The fourth round of TIGER grants announced last week is another example of economic stimulus that is too little, too late and a missed opportunity to leverage our port assets.

Only eight of the grants, worth about $79 million, or about 16 percent of the $485.3 million in available funds, go directly to port-related infrastructure. That’s a slight improvement over the third round of TIGER grants, when only 15 percent went to port projects, but it still falls far short of meeting U.S. port and waterway needs at a time when shallow harbors, inadequate inland connectors and aging river locks and dams are undermining the country’s competitive position in exports.

If proof were needed, the Army Corps of Engineers called for a new approach to the public and private financing of strategically critical maritime infrastructure projects in Gulf and Southeast ports on the same day the Department of Transportation announced the new TIGER grants.
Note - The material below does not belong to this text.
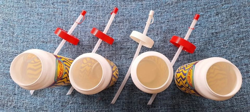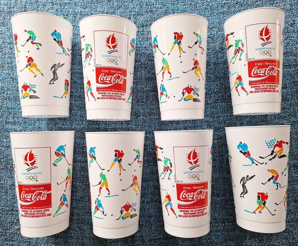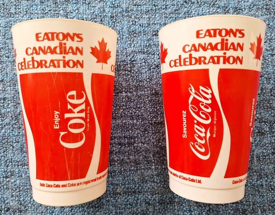 Plastic Coca Cola Bottles and Cups from 1980's & 1990's. Water bottles with straws are 8.5" tall snd 1992 Olympic & Eaton Cups are 5" tall. All 14 pieces are clean and scratch free, the 2 Eaton cups show time darkened plastic and 1 of them has some scratch lines from being stacked. Asking $20 for all.

In a report to Congress, the corps said the U.S. must find a way to fund the deepening of Southeast and Gulf ports to remain competitive in global trade at a time when deficits threaten our ability to fund projects.

I may be preaching to the choir, but what’s distressing is that the Obama administration can’t see the payoff in terms of jobs and economic activity that port investment brings. A total of 258,000 jobs in Texas, for example, are related to cargo moving through the Port of Houston, which generate $4.5 billion in state and local taxes, according to a recent study by Martin Associates.
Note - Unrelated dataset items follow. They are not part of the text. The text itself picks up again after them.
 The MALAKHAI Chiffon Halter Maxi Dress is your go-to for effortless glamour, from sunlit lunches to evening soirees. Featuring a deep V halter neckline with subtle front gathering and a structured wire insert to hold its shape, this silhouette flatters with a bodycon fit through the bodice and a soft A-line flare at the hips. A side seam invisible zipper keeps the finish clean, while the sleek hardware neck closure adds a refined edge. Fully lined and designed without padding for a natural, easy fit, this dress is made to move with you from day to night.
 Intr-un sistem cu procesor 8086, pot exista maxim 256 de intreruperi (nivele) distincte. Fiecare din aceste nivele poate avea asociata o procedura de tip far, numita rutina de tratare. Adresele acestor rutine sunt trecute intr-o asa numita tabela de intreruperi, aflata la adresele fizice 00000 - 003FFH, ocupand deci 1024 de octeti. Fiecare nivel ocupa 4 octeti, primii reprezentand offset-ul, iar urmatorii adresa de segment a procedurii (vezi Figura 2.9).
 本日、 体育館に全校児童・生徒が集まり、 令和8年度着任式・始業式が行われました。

“The administration continues to ignore ports as a major source of job growth,” said John Martin, the port consultant’s principal. “If we don’t invest in our ports and inland waterways, how can we ready ourselves for export activity?”

The administration’s National Export Initiative sets a goal of doubling exports in the five years to 2014, but most U.S. exports of coal and wheat move by barge down the Mississippi and Ohio rivers, where some locks and dams are more than 70 years old and in danger of failure. On top of that, most of our exports are much heavier than our imports and require deeper harbors to handle the large post-Panamax and bulk ships that carry them to export markets.

If Washington can fund more harbor deepening in the Southeast, it will generate enormous dividends in terms of job growth by luring back to U.S. ports the transshipment activities that have migrated to Caribbean hubs over the last decade. Every additional weekly service by an 8,500-TEU container ship with some transshipment cargo equates to 7,900 direct and indirect jobs. It also would create another 11,500 jobs in logistics support in distribution centers, packaging and trucking.

“So we stand to lose 18,000 to 19,000 jobs for every weekly transshipment service that we can’t bring back to our ports because we don’t have adequate infrastructure,” Martin said.